Aus den frühen 1960er Jahren existierten teils grobe Schätzungen, wonach auf Spielplätzen und zum Spielen verwendeten Brachflächen teilweise 10 bis 20 tödliche Unfälle jährlich zu verzeichnen waren.

Die Gründe für diese massiven Unfallzahlen bei einer viel geringeren Anzahl von öffentlichen Spieleinrichtungen als heute sind wohl auf drei Faktoren zurückzuführen:

 

  • Eine technische Regel für die Gestaltung solcher Plätze oder vor allem deren Geräteausstattung war nicht vorhanden. So waren weder der Fallschutz, Gerätehöhen, Absturzsicherungen, Öffnungsmaße oder Materialeigenschaften reglementiert.

 

  • Die Geräte wurden häufig von Laien gebaut und aufgestellt.

 

  • Eine systematische Überprüfung der Geräte und daraus resultierender Pflege und Instandsetzung war praktisch kaum etabliert.

 

Anfangs der Siebziger Jahre setzten sich dann erstmals Hersteller, Pädagogen und Sicherheitsexperten in Deutschland zusammen, um aus den bekannten Unfallmustern eine Sicherheitsnorm für Spielgeräte zu erarbeiten. Die erste Veröffentlichung der DIN 7926 – Kinderspielgeräte fand dann im Dezember 1976 statt. Auf nur acht Seiten wurden die wichtigsten Schutzziele beschrieben. Neben Mindestanforderungen für Geländer und Barrieren wurden eine maximale Fallhöhe und eine Mindestbodenqualität gefordert. Zudem war eine regelmäßige Kontrolle durch geeignete Personen gefordert. 1981 fand das erste Mal eine teilweise Überarbeitung statt. Diese Neuausgabe wurde vom Gesetzgeber erstmals im Anhang zum GTA (Gesetz über technische Arbeitsmittel) als eine vermutlich wirksame Sicherheitsnorm erwähnt. Sie war damit nicht verpflichtend in der Anwendung, stellte aber in den Augen des Gesetzgebers eine vernünftige Grundlage für den Bau von Spielgeräten dar.
Eine weitere Überarbeitung erfolgte im Jahre 1985. Diese Ausgabe der DIN 7926 mit wiederum nur 8 Seiten für den Teil 1 stellte dann die letzte rein deutsche Fassung einer Spielgerätenorm dar. Gleichzeitig war diese Fassung das Ausgangsdokument für den Beginn der europäischen Normung im Jahr 1989.
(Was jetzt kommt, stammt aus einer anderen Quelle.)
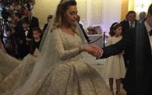 سارت العروس مرتديةً فستاناً من تصميم إيلي صعب، وزنه 28 رطلاً، مرصعاً بالكريستال والخرز، مما صعّب عليها المشي بمفردها. تحول موقع موسكو إلى جنةٍ زهرية، وغطت الزهور كل سطح من الجدران والأسقف.

Nach langem europäischem Ringen wurde im September 1998 die europäische Spielgerätenorm EN 1176 veröffentlicht. Der Umfang war gegenüber der DIN 7926 stark angewachsen, der Teil 1 besaß 65 Seiten. Eine geringfügige Erneuerung der EN 1176 wurde im Jahre 2003 durchgeführt, der Umfang wuchs auf 71 Seiten. Die derzeit letzte Fassung wurde 2008, jetzt mit 88 Seiten, erstellt.

 

Entwicklung des Unfallgeschehens

Durch die Erwähnung der DIN 7926 im Anhang zum GTA im Jahre 1981 erfolgte recht schnell eine Übernahme der technischen Regeln bei den Herstellern. Zusätzlich setzte sich immer mehr das 1977 ins Leben gerufene GS-Zeichen (Geprüfte Sicherheit) bei den Spielgeräteherstellern durch. Aber auch die regelmäßige Kontrolle und Wartung der Spieleinrichtungen wurde, wenn auch nicht flächendeckend, so zumindest in den großen Städten und Kommunen systematisiert, da einige Gerichtsurteile in den 1980er Jahren dies einforderten.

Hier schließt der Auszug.